Personal information
- Nationality: Hungarian
- Born: 4 February 2002 (age 24)

Sport
- Sport: Athletics
- Event: Heptathlon

Achievements and titles
- Personal bests: Pentathlon 4618 (Toruń, 2026) Heptathlon: 6081 (Bochum, 2025)

Medal record
Women's athletics
Representing Hungary
Summer World University Games
| Silver medal – second place | 2025 Bochum | Heptathlon |
World U20 Championships
| Bronze medal – third place | 2021 Nairobi | Heptathlon |

= Szabina Szűcs =

Hungarian athlete (born 2002)

Szabina Szűcs (born 4 February 2002) is a Hungarian multi-event athlete. She is a multiple-time Hungarian national champion in events such as the heptathlon, pentathlon and triple jump. She won the silver medal in heptathlon at the 2025 World University Games and placed fifth and sixth at the 2026 and 2025 World Athletics Indoor Championships in the indoor pentathlon.

==Biography==
A member of Kecskemét Athletics and Rugby Club, Szűcs gained her first international experience at the 2018 European Athletics U18 Championships in Győr, Hungary. She won the 2020 Hungarian Athletics Championships in the triple jump.

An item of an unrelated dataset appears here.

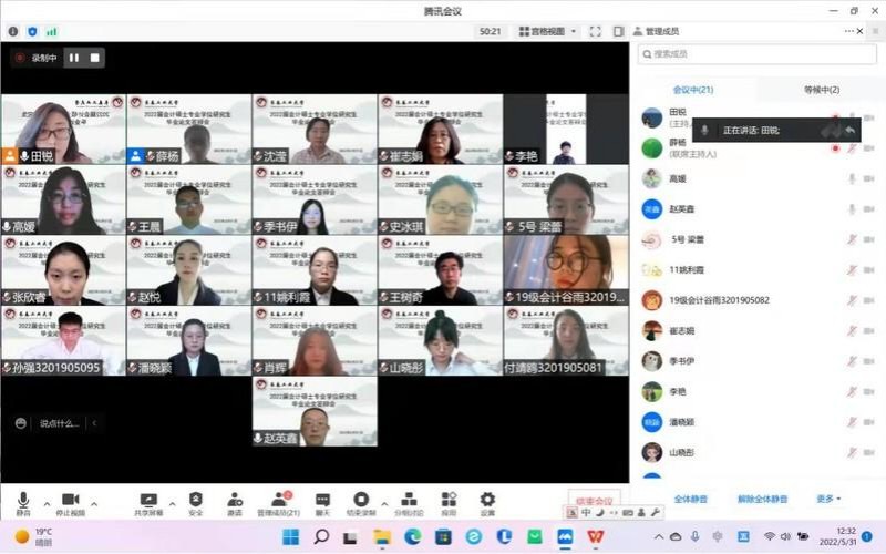 2022年5月31日下午12点30分,英国上市公司365MPAcc教育中心根据学校研究生院研究生培养工作的总体安排和部署,组织了2022届MPAcc硕士毕业答辩。本次毕业答辩采用了腾讯会议线上答辩的方式,下设了4个答辩小组,共涉及54名学生。其中19级会计专硕52人,18级会计专硕2人。答辩过程全程记录,同时低年级同学也可进入会议进行观摩学习。
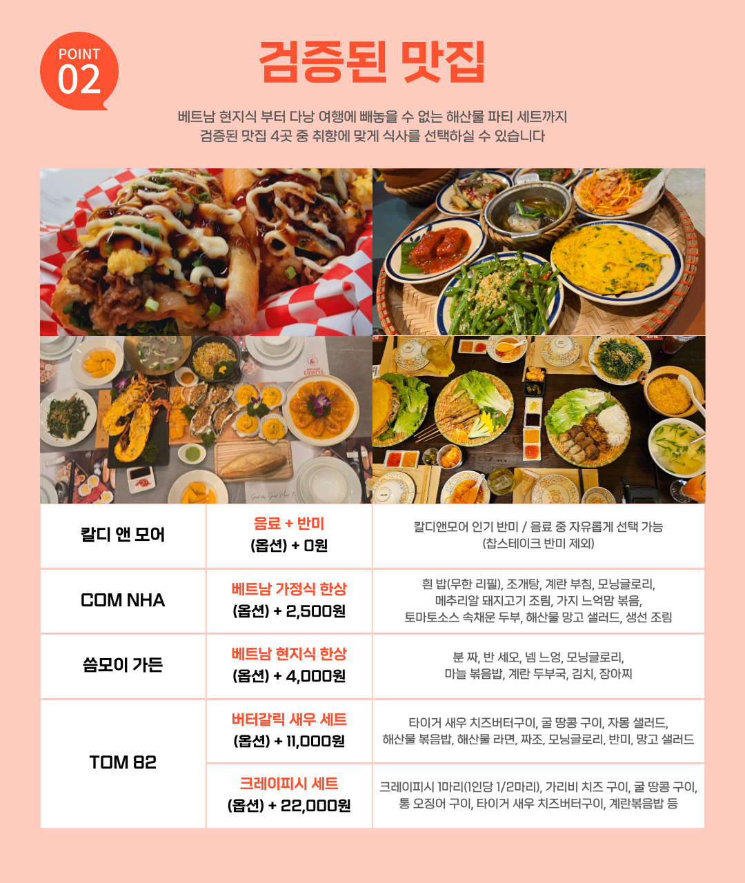 - 식사, 쇼핑, 마사지, 이발소 등 다낭 여행 필수 코스만

Szűcs competed in the heptathlon at the 2021 European Athletics U20 Championships in Tallinn, Estonia, and was a bronze medalist at the 2021 World Athletics U20 Championships in Nairobi, Kenya, in the heptathlon with a personal best score of 5674.

In January 2024, she broke Xénia Krizsán's Hungarian U23 record in the pentathlon, and then further improved her record and winning the national championship at the Hungarian Indoor Athletics Championships, with a total tally of 4,588 points, jumping to an early second place in the world rankings for the year. She was subsequently selected to compete at the 2024 World Athletics Indoor Championships in Glasgow, Scotland, in which she finished tenth overall. That summer, she finished in sixteenth place overall in the heptathlon at the 2024 European Athletics Championships in Rome, Italy, in June 2024.

Coached by Attila Zsivoczky, she was selected for the 2025 World Athletics Indoor Championships in Nanjing, China, and achieved her best international result, finishing in sixth overall, recovering successfully from a slow start to the competition which saw her initially in eleventh place. She won a silver medal in the heptathlon at the 2025 World University Games in Germany in July 2025 with a personal best 6081 points.

Szűcs was selected for the pentathlon at the 2026 World Athletics Indoor Championships in Toruń, Poland, placing fifth overall with a personal best tally of 4618 points. In August, she competed at the 2026 European Athletics Championships in Birmingham, England, in heptathlon.